Yao H, Ma Y, Hong Z, Zhao L, Monaghan S A, Hu M-C, Huang L J
Department of Cell Biology, University of Texas Southwestern Medical Center, Dallas, TX, USA.
Department of Pathology, University of Texas Southwestern Medical Center, Dallas, TX, USA.
Leukemia. 2017 Oct;31(10):2122-2131. doi: 10.1038/leu.2017.1. Epub 2017 Jan 6.
Janus tyrosine kinase 2 (JAK2) mediates downstream signaling of cytokine receptors in all hematological lineages, yet constitutively active JAK2 mutants are able to drive selective expansion of particular lineage(s) in myeloproliferative neoplasm (MPN). The molecular basis of lineage specificity is unclear. Here, we show that three activating JAK2 mutants with similar kinase activities in vitro elicit distinctive MPN phenotypes in mice by differentially expanding erythroid vs granulocytic precursors. Molecularly, this reflects the differential binding of JAK2 mutants to cytokine receptors EpoR and GCSFR in the erythroid vs granulocytic lineage and the creation of unique receptor/JAK2 complexes that generate qualitatively distinct downstream signals. Our results demonstrate that activating JAK2 mutants can differentially couple to selective cytokine receptors and change the signaling repertoire, revealing the molecular basis for phenotypic differences elicited by JAK2 (V617F) or mutations in exon 12. On the basis of these findings, receptor-JAK2 interactions could represent new targets of lineage-specific therapeutic approaches against MPN, which may be applicable to other cancers with aberrant JAK-STAT signaling.

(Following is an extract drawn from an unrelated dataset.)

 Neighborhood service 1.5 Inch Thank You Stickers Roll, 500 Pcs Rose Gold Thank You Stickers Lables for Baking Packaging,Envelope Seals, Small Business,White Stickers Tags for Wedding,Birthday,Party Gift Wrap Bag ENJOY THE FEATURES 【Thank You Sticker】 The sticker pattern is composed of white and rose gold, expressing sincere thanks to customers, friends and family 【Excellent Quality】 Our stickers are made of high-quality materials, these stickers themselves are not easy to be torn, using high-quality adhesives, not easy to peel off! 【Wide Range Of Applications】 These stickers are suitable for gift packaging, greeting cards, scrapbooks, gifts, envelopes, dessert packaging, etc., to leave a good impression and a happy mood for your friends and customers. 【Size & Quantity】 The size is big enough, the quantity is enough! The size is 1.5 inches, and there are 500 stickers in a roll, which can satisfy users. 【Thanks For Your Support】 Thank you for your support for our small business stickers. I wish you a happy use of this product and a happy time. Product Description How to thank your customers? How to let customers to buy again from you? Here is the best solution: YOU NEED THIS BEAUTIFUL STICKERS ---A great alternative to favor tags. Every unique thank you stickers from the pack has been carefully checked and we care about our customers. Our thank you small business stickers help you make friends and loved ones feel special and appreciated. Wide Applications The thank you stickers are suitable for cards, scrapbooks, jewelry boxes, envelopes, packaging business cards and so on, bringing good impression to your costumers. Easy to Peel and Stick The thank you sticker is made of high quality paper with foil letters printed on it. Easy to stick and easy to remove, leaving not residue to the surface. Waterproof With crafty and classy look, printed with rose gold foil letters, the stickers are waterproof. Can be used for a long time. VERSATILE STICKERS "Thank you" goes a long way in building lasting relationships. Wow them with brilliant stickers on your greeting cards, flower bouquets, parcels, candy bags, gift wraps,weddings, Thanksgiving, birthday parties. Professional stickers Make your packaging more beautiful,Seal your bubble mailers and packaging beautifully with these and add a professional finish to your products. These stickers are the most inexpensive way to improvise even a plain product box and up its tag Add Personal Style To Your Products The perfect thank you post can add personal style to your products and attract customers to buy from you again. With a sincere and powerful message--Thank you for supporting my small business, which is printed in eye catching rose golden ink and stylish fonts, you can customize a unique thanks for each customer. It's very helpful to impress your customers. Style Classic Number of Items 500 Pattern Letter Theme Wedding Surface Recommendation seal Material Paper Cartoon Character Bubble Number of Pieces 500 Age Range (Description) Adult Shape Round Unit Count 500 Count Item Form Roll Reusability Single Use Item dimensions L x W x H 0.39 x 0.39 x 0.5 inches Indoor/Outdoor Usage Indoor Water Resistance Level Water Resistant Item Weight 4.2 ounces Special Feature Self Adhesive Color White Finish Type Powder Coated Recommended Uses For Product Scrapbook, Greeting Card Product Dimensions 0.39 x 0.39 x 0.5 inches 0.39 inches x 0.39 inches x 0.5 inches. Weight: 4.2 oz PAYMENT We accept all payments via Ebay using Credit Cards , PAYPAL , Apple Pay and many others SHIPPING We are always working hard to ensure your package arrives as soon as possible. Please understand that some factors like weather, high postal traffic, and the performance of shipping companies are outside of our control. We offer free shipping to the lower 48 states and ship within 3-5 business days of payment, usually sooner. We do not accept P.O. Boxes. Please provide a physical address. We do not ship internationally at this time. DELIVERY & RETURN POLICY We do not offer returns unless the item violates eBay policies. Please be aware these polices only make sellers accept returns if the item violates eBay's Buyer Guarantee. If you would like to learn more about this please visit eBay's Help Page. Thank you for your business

Janus酪氨酸激酶2(JAK2)介导所有血液谱系中细胞因子受体的下游信号传导,然而组成型活性JAK2突变体能够驱动骨髓增殖性肿瘤(MPN)中特定谱系的选择性扩增。谱系特异性的分子基础尚不清楚。在这里,我们表明,三种在体外具有相似激酶活性的激活型JAK2突变体,通过差异地扩增红系与粒系前体细胞,在小鼠中引发独特的MPN表型。在分子水平上,这反映了JAK2突变体在红系与粒系谱系中与细胞因子受体EpoR和GCSFR的差异结合,以及产生独特的受体/JAK2复合物,这些复合物产生性质不同的下游信号。我们的结果表明,激活型JAK2突变体可以与选择性细胞因子受体差异偶联并改变信号传导谱,揭示了由JAK2(V617F)或第12外显子突变引起的表型差异的分子基础。基于这些发现,受体-JAK2相互作用可能代表针对MPN的谱系特异性治疗方法的新靶点,这可能适用于其他具有异常JAK-STAT信号传导的癌症。